● What to do:
Using the data below, output a verbatim copy of the lines between the one holding "在庆老师还是希望我们能做学问 所以 还把他的恩师周祖谟请来" and the one holding "- Able to display", inclusive, without any pictures.

[Start of Attachment]

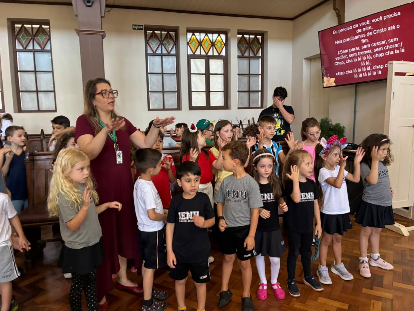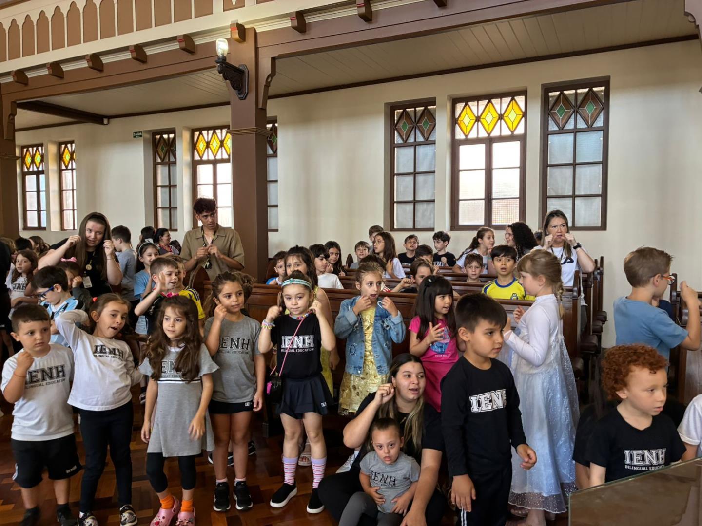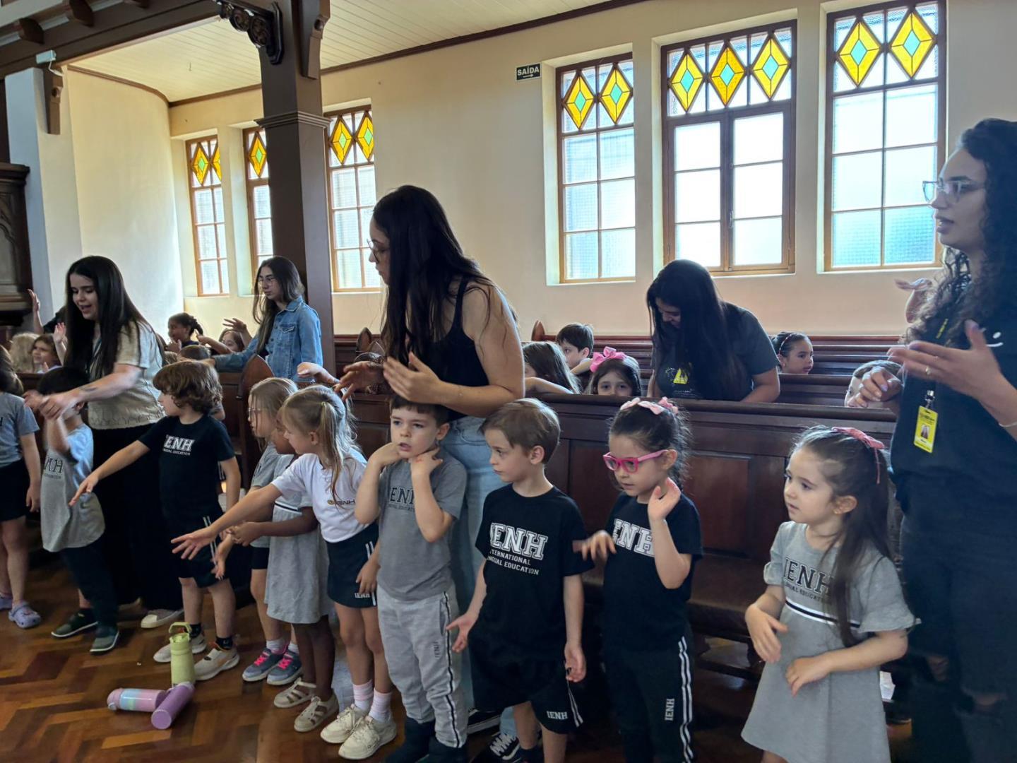 Na tarde da quinta-feira, 11 de dezembro, estudantes do Kindergarten 4 ao Year 4 da Educação Infantil e Ensino Fundamental do Currículo Internacional Bilíngue da IENH – Unidade Pindorama participaram de um momento especial de Advento e Natal na Igreja Três Reis Magos. A atividade iniciou com uma acolhida conduzida pela coordenadora de Unidade, Karina Spessato, que recebeu as turmas e marcou simbolicamente o começo do encontro com o toque do sino da igreja.
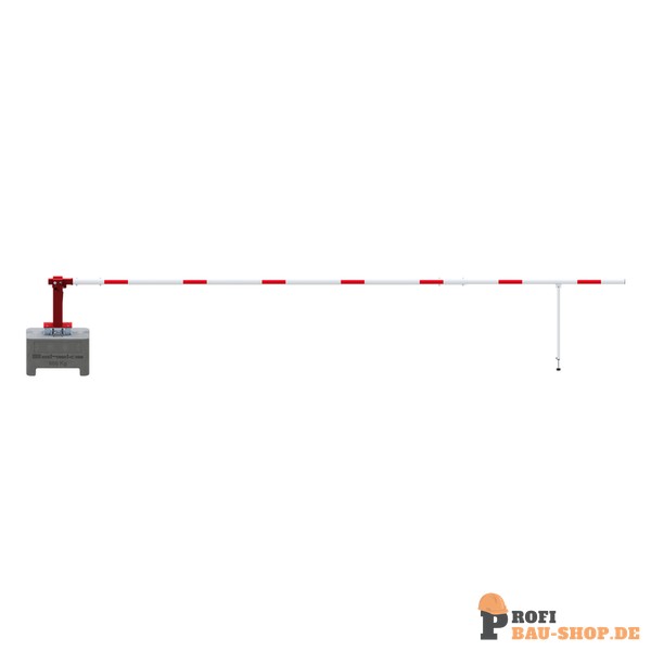 Mobile Handschranke Die mobile Handschranke ist für den Einsatz bei Bau- stellenzufahrten, Umbauten oder anderweitigen temporären Zufahrtsbeschränkungen vorgesehen. Durch den Entfall der Fundamentarbeiten, kann die Schranke schnell und sicher aufgestellten werden. Für die Standfestigkeit sorgt unsere Beton-Aufstellvorrichtung mit einem Gewicht von 600kg
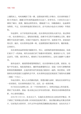 在庆老师还是希望我们能做学问 所以 还把他的恩师周祖谟请来 给我 们班开了一次讲座。周先生给我们讲了些做学问的原则 要读些什么书 怎样 去读书。可惜 我们所有人 都辜负了在庆老师的苦心 没有人能静下心做学 问。
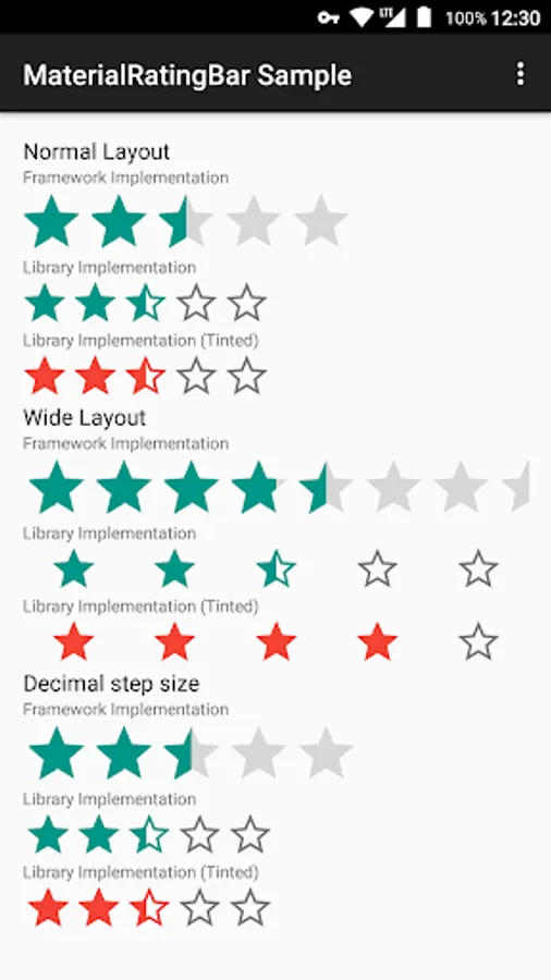 - Able to display ratings such as 4.3 correctly, which will be filled to 4.5 by framework's incorrect implementation.
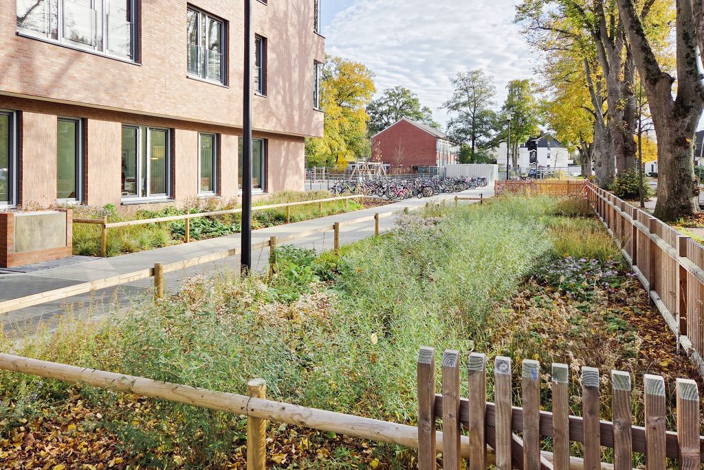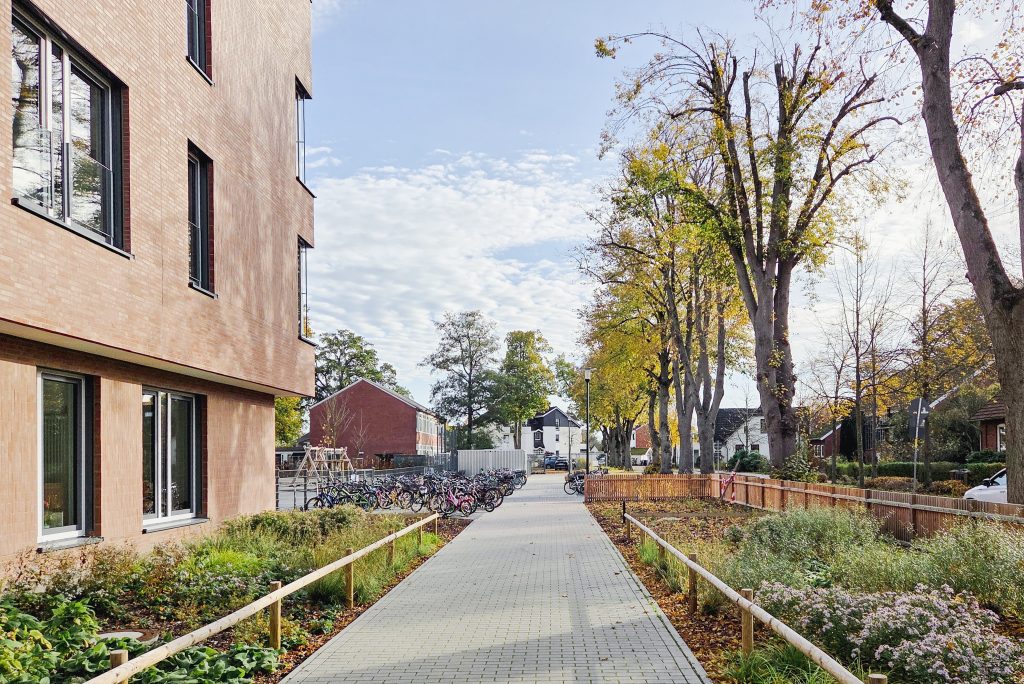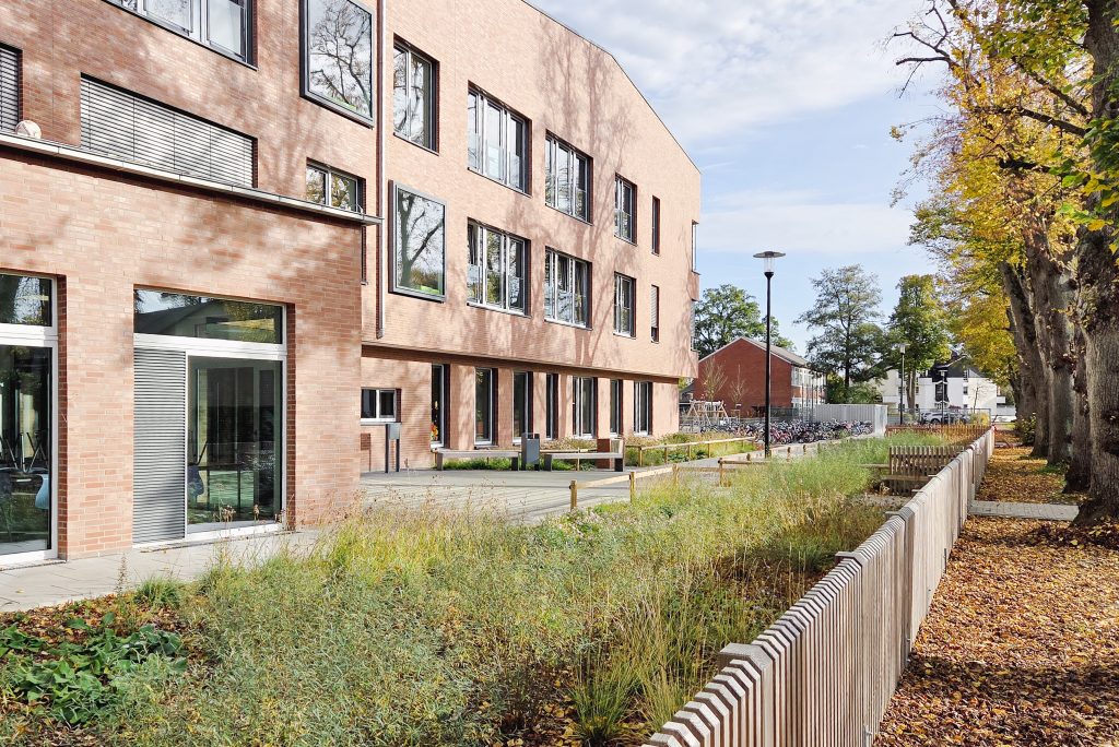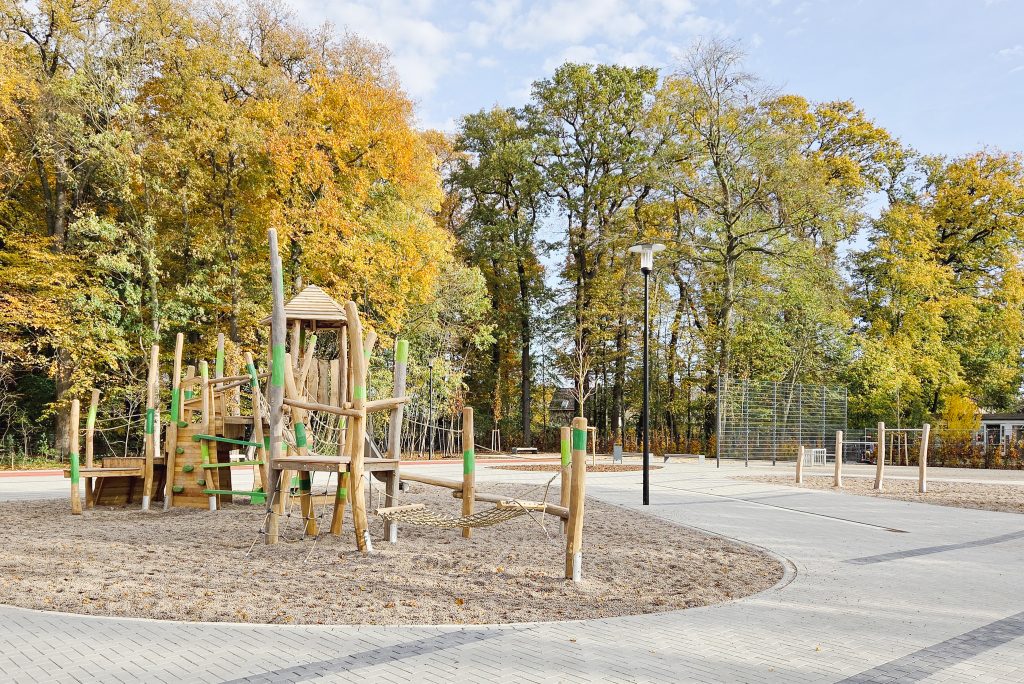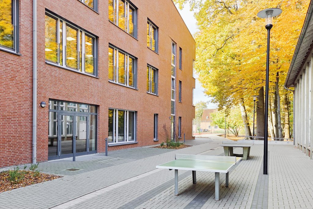 Die Gemeinde Lilienthal nördlich von Bremen hat einen Ersatzneubau der Grundschule auf dem Bestandsgrundstück realisiert. Das Konzept für die Außenanlagen wurde unter dem Motiv „Schule am Wald“ entwickelt. Durch die Errichtung des Ersatzneubaus kommt es zu einer vollständigen Änderung der städtebaulichen Struktur. Der neue Gebäudekörper liegt zentral verortet auf dem Baugrundstück. Die rückwertige Waldbereich bildet eine starke räumliche Kante und räumliche Zäsur auf dem Grundstück. Die Bestandsbäume wurden dabei behutsam in die Neuplanung integriert. Das Motiv eines organisch gestalteten Abschlusses der Pflasterflächen zum Baumbestand unterstreicht diese Anbindung. Die gebäudenahen Schulhofbereiche, sowie die funktional notwendigen Verkehrsflächen für Verkehr und Erschließung lehnen sich an die orthogonale Struktur des Neubaus an und stellen so einen entsprechenden Bezug her. Die neuen Außenanlagen der Grundschule umfassen neben Funktionsbereichen für den ruhenden Verkehr (Fahrräder und PKWs) weiträumige Spiel- und Sportflächen. Das Entrée zum Neubau ist geprägt durch eine große Baumallee. Den Abschluss zur angrenzenden Straße „Kronenhof“ bildet ein Holzzaun mit einer unterpflanzung der Bestandsgehölze. Auf dem Schulhof wurde ein Kleinspielfeld, Bolzplatz sowie eine Sprint- und Weitsprunganlage realisiert. Neue Spielgeräte sowie Tisch-Bank-Kombinationen dienen als Spiel- und Pausenangabeot für die Schüler*innen.
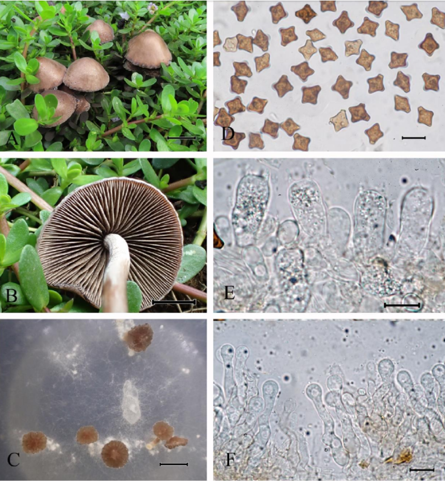 该物种的主要特征是菌盖和菌柄褐色调;菌褶斑驳状,以褐色为主;担孢子十字形。此物种的定义存在争议,且相关系统学研究较少。该物种在我国台湾省有报道。命名历史该种最早在1973年被Hongo发表,当时置于疣孢斑褶菇属Panaeolin...... | ![]() |

[End of Attachment]

● Written reply:
 在庆老师还是希望我们能做学问 所以 还把他的恩师周祖谟请来 给我 们班开了一次讲座。周先生给我们讲了些做学问的原则 要读些什么书 怎样 去读书。可惜 我们所有人 都辜负了在庆老师的苦心 没有人能静下心做学 问。
 - Able to display ratings such as 4.3 correctly, which will be filled to 4.5 by framework's incorrect implementation.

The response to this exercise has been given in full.